One of these issues is related to the fate of Gibraltar as a prosperous gambling hub, especially considering the fact that it is a site of extensive cross-border movement. As Casino Guardian has previously reported, about 10,000 Spanish workers, mainly from La Línea de la Concepción, travel to Gibraltar on a daily basis, as they are employed in the local gambling sector.
For the time being, Gibraltar has a statute of British overseas territory but takes advantage of the benefits the UK has been given as a member state in the European Union (EU). The UK is one of the largest economic partners of Spain, with Gibraltar being a big hub for a number of industries, including gaming and online gambling, finance and insurance, etc.
For years, Gibraltar has been a preferred destination for some of the most successful British gambling giants thanks to its favourable regulatory and tax regime. It offers a corporate tax rate of 10%, which is much lower than the one in Spain, which currently is 25%. As a result, Spain has long found Gibraltar as a tax haven for a lot of businesses, especially considering the fact that the British overseas territory is also part of the European single market.
Gibraltar Could Be Granted Protocol for Privileged Access to EU
The Spanish position on the Gibraltar question has remained pretty much unchanged since before the referendum for Britain’s exit from the European Union took place. The British position is that the whole UK, including its overseas territories, must leave the EU with no intrusions made in the country’s sovereignty.
Spain, however, believes that Gibraltar should be given access to the European single market even after the country’s exit from the European Union, but for that, Spain must receive co-sovereignty on the territory, at least for a transitional period. The country is expected to get major strategic benefits thanks to the Gibraltar question, which would take effect as soon as the UK exits the EU on March 29th.

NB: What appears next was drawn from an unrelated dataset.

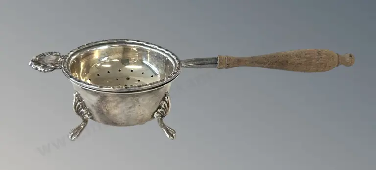 Sterling Silver Tea Strainer with Wooden Handle and Stand, TW93gms

As Casino Guardian reported earlier, Gibraltar’s population voted for the territory to remain in the EU in 2016 but has also been willing to remain as part of the UK, rejecting both complete and partial Spanish sovereignty in 1967 and 2002. Gibraltar’s Government has also powers to impose a veto on any changes brought to the territory’s sovereignty.
It is still unknown what is to happen with Gibraltar’s gambling sector, which currently hosts a number of the largest gambling operators not only in the UK but also on a global scale. An exit from the UK could be lethal for the local gambling industry, which has been one of the most flourishing gambling markets in the UK. As a matter of fact, the British overseas territory could be given a special protocol providing it with unique privileged access to the EU customs union and the EU single market.
Whether or not this will happen, remains to be seen in the weeks to come.